A high-level overview of federal actions to address discrimination on the basis of race and sex.
In response to pressure from civil rights groups, in the 1960s and 1970s, the federal government took action to address discrimination on the basis of race and sex.

Key terms

TermDefinition
Civil Rights Act of 1964Legislation barring discrimination in public accommodations, employment, or voting, on the basis of color, national origin, race, religion, or sex. The Civil Rights Act also created the Equal Employment Opportunity Commission to monitor and enforce the law.
Title IXA provision of the Education Amendments of 1972, which prevents schools and universities receiving federal funding from discriminating against female students.
Voting Rights Act of 1965Legislation prohibiting racial discrimination in voting, including the use of literacy tests, poll taxes, and grandfather clauses.

Cases to know

Brown v. Board of Education (1954) - Oliver Brown was the father of Linda, an African American third grader who was forced to attend a segregated elementary school. Along with other African American families in the area, Brown sued the Board of Education of Topeka, Kansas. Under the leadership of future Supreme Court justice Thurgood Marshall, the NAACP’s Legal Defense Fund sought to prove with this case that segregated public schools violated the Fourteenth Amendment’s equal protection clause.
In its decision, the Supreme Court agreed, ruling that “in the field of public education, separate but equal has no place.” This ruling was a crucial victory for the civil rights movement, and later cases challenging segregation built on the precedent set in Brown.

Key takeaways

Competing policymaking interests - The federal courts cleared the way for civil rights reform through rulings in a series of cases, starting with Brown v. Board of Education, that invalidated segregation as a violation of the equal protection clause.
After civil rights demonstrations such as the 1963 March on Washington for Jobs and Freedom, President John F. Kennedy and successor Lyndon B. Johnson made passing civil rights legislation a key part of their agendas.
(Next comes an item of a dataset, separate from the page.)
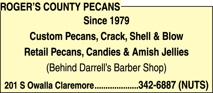 Roger's County Pecans is a family-owned business that has been operating since 1979. Located behind Darrell's Barber Shop at 201 S Owalla, the business specializes in offering a wide range of high-quality, custom pecans. From cracking and shelling to blowing, the dedicated team at Roger's County Pecans ensures that each pecan is prepared to perfection. In addition to pecans, the business also offers a delightful selection of retail pecans, candies, and Amish jellies. Whether you are a pecan enthusiast or looking for a unique and delicious gift, Roger's County Pecans is the go-to destination for all your nutty cravings.
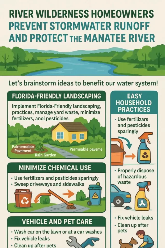 Get tough! Active Call to Action for River Wilderness Homeowners and their stormwater. We all love clean, beautiful water—and let’s be honest, polluting it is just gross. Every drop that flows from our neighborhood eventually reaches the Manatee River, one of Parrish’s most treasured natural resources.

Despite opposition from white southern representatives, Congress followed by passing the Civil Rights Act of 1964 and the Voting Rights Act of 1965, which outlawed discrimination based on race, sex, and other demographic factors.

Review questions

What motivated the federal government to pass civil rights legislation?
Why did civil rights groups like the NAACP originally focus on winning court cases to advance equal rights, rather than attempting to influence Congress?